Luis alza su voz en medio de un debate público sobre la regulación –“Es increíble que los políticos miren para otro lado ante este dolor”, apunta–, que debería empezar por la exclusión de la eutanasia y el suicidio asistido del Código Penal, que reserva penas que van desde los seis meses a los seis años de prisión para el que “causare o cooperare activamente con actos necesarios y directos a la muerte de otro”.
“Yo amo la vida”
Habla de su muerte con entereza y calma porque “cada vez el desapego es mayor”, explica. Al principio del proceso, la mayor parte del tiempo ocupaba su mente y las horas del día pensando en ella, en lo que ocurrirá después, en sus proyectos, en lo que podría hacer si no tuviera esclerosis. “Porque en realidad yo me quiero morir porque no aguanto más, pero yo amo la vida. Y cuanto peor estás más te das cuenta de lo bonita que es y cómo la desperdiciamos”, esgrime. Ahora, prosigue, “entre que la morfina me mantiene alejado de la realidad y paso muchas horas dormido, en lo que más pienso es en la campaña”.
A través de ella quiere fomentar la conciencia social y política frente a una realidad “de la que la mayor parte de la gente no es consciente a pesar de que es lo más duro que le va a pasar en la vida. Es cuando de repente te ves en algo así cuando piensas '¿cómo es posible que ocurra esto?'. Pero estoy seguro de que si cualquiera de las personas que nos leen pudieran estar en mi cuerpo tan solo 15 minutos el grito se oiría en todas partes”.
Luis pide morir con dignidad y lo pide también por el resto y con la memoria puesta en los que le han precedido, como José Antonio Arrabal, que hizo público el vídeo de su muerte clandestina y en soledad hace unos meses. Una situación contra la que Luis se rebela porque “morir con dignidad significa poder elegir el momento en el que quieres abandonar, en el sitio que deseas, rodeado de la gente que quieres.
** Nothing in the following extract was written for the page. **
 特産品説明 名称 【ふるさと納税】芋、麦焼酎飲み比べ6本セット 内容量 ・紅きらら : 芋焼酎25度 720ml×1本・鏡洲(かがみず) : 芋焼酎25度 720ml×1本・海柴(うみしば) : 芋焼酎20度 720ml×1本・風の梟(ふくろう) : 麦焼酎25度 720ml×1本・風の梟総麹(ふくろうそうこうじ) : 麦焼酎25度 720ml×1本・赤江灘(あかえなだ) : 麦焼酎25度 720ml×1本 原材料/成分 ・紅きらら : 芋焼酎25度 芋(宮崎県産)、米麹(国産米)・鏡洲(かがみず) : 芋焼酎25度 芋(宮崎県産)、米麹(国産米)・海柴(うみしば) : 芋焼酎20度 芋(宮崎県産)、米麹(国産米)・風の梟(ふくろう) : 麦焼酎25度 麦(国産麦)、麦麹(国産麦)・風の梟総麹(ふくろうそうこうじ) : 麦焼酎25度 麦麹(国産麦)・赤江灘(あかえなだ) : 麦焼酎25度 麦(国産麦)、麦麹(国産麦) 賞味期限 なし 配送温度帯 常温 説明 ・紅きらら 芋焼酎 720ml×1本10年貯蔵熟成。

Una muerte segura, legal y que no tenga que ser clandestina”, resume.
La vida entre cuatro paredes
Asegura que ha llegado un punto en el que los dolores físicos son insoportables, pero “no hay nada comparable al dolor emocional”. Con ello se refiere a la situación que le ha llevado a perder casi por completo la capacidad de comunicarse y a la enfermedad que le ha inmovilizado y hace que la vida sea para él “un infierno”. “Me parece increíble que yo pueda dormir a mi mascota cuando en un acto de amor decido que está sufriendo demasiado y no tiene remedio y no lo pueda hacer con mi propio cuerpo”, argumenta.
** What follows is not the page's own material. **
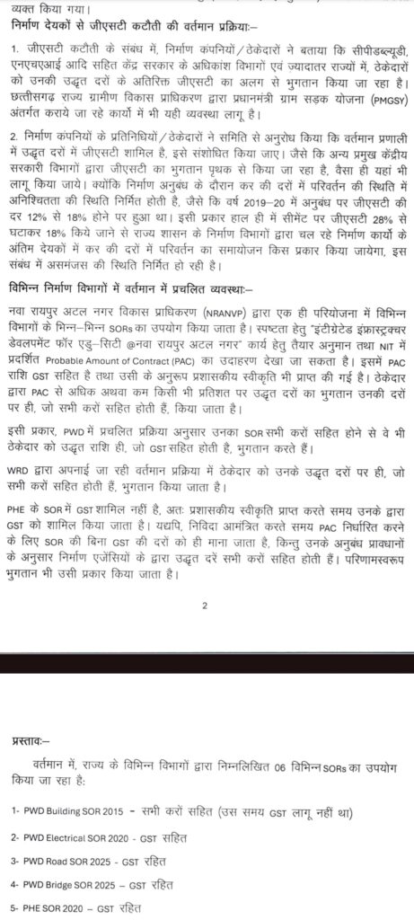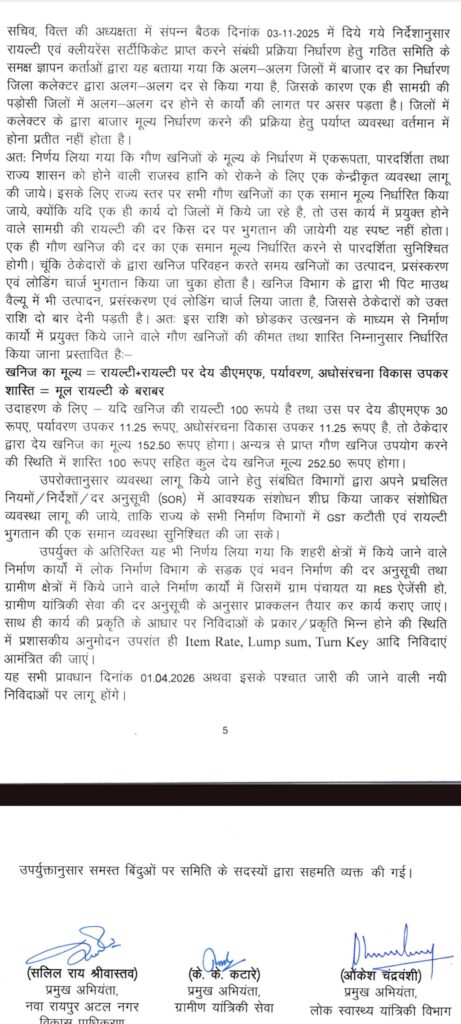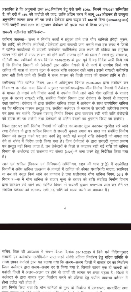 रायपुर। राज्य के सभी निर्माण विभागों में जीएसटी कटौती एवं रॉयल्टी क्लीयरेंस सर्टीफिकेट जारी करने की वर्तमान व्यवस्था में एकरूपता सुनिश्चित करने के लिए सरकार ने निर्णय लिया है। राज्य के मुख्य सचिव के निर्देश पर हुई बैठक उपरांत मुख्यमंत्री की अनुशंसा बाद निर्णय को लागू करने की कार्रवाई हेतु पत्र विभागों को जारी कर दिए गए हैं।

Su cotidianidad transcurre entre las cuatro paredes de una habitación acompañado por su hermano, que vive con él, y otros miembros de la familia que se encargan de cuidarle y que le han prestado su apoyo también en su decisión. Además, una vez a la semana acude un médico a su casa para suministrarle cuidados paliativos para intentar reducir el dolor y la angustia al mínimo posible. Consiguen que Luis sufra menos, pero “de cualquier modo sufro mucho a nivel físico, a nivel vivencial y a la hora de relacionarme con el mundo”.
Dice que se ha planteado todas las vías posibles para morir, pero también confiesa que le causa problemas pensar en que la gente de su entorno pueda verse implicada en algo así. Por otro lado, también seguir es una forma de rebelarse contra un sistema que “parece que me está obligando a morir asfixiado”.
“Tengo una máquina que me ayuda a respirar por las noches y puedo negarme a utilizarla. Quizás me levantaría muy mal durante las primeras mañanas, pero llegaría un momento en que supongo que me asfixiaría. Sin embargo, yo no quiero morir así. Yo voy a hacer todo lo posible por una muerte dulce y a luchar hasta que aguante”, sentencia.